Michelle Friedman MD

Michelle Friedman is a psychiatrist and psychoanalyst in private practice, the chair of Pastoral Counseling at Yeshivat Chovevei Torah Rabinnical School (YCT) and Associate Professor of Psychiatry at the Icahn School of Medicine at Mount Sinai Hospital in New York City. A graduate of Barnard College, NYU School of Medicine and The Columbia University Center for Psychoanalytic Study and Research, Dr. Friedman has been involved in bridging religious life and mental health issues for over 30 years. Her recent book, The Art of Jewish Pastoral Counseling: A Guide for All Faiths co-authored with Dr. Rachel Yehuda and published by Routledge, comes out of her teaching experience and her ongoing contact with graduates of YCT and other rabbinical seminaries.

Mindy, age 28, had her first bout of major depression in her late teens. She was hospitalized once for her illness and now attends weekly psychotherapy. Mindy also takes Lithium and Prozac. She is attractive, charming, and enjoys her work as a high school science teacher. Mindy very much wants to get married but when matchmakers mention her psychiatric history, the only dates that come up are men with disabilities. It is as though her depression has marked her as undesirable, stigmatized as belonging to a different category of people.

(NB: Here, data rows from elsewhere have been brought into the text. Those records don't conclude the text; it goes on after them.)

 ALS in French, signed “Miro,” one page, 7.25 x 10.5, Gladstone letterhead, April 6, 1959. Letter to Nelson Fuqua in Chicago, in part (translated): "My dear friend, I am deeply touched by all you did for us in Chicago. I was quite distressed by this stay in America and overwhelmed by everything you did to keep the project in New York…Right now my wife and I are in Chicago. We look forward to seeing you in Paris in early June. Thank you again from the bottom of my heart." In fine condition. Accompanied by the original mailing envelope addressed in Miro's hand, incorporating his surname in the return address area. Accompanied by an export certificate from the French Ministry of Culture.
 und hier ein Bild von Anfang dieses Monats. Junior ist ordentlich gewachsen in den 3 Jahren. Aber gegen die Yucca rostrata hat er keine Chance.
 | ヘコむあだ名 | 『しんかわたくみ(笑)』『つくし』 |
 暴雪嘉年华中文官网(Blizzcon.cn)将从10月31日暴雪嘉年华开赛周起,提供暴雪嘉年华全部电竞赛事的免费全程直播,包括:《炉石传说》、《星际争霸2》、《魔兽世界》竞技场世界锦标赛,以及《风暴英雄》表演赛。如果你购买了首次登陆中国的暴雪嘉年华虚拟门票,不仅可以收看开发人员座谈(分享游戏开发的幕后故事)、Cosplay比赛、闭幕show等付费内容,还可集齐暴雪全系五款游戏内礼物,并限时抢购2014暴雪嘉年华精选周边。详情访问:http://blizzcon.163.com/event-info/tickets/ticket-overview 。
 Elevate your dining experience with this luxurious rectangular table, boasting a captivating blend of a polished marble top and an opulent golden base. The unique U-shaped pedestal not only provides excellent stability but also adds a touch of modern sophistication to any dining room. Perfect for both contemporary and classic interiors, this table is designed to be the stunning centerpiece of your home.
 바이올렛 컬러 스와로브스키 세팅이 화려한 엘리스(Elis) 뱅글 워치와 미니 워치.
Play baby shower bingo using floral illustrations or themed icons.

Chaim, age 45, carries a diagnosis of schizophrenia. He lives with his widowed mother, takes medication and works as a cook’s assistant in a nursing home. Chaim goes to minyan most days. While he is somewhat disheveled and occasionally mumbles to himself, he participates in praying and has a rich spiritual life. Chaim tells his therapist that he would like to be invited to join the guys for an occasional coffee or shiur, but is rarely asked. Chaim feels marginalized, hurt and ashamed.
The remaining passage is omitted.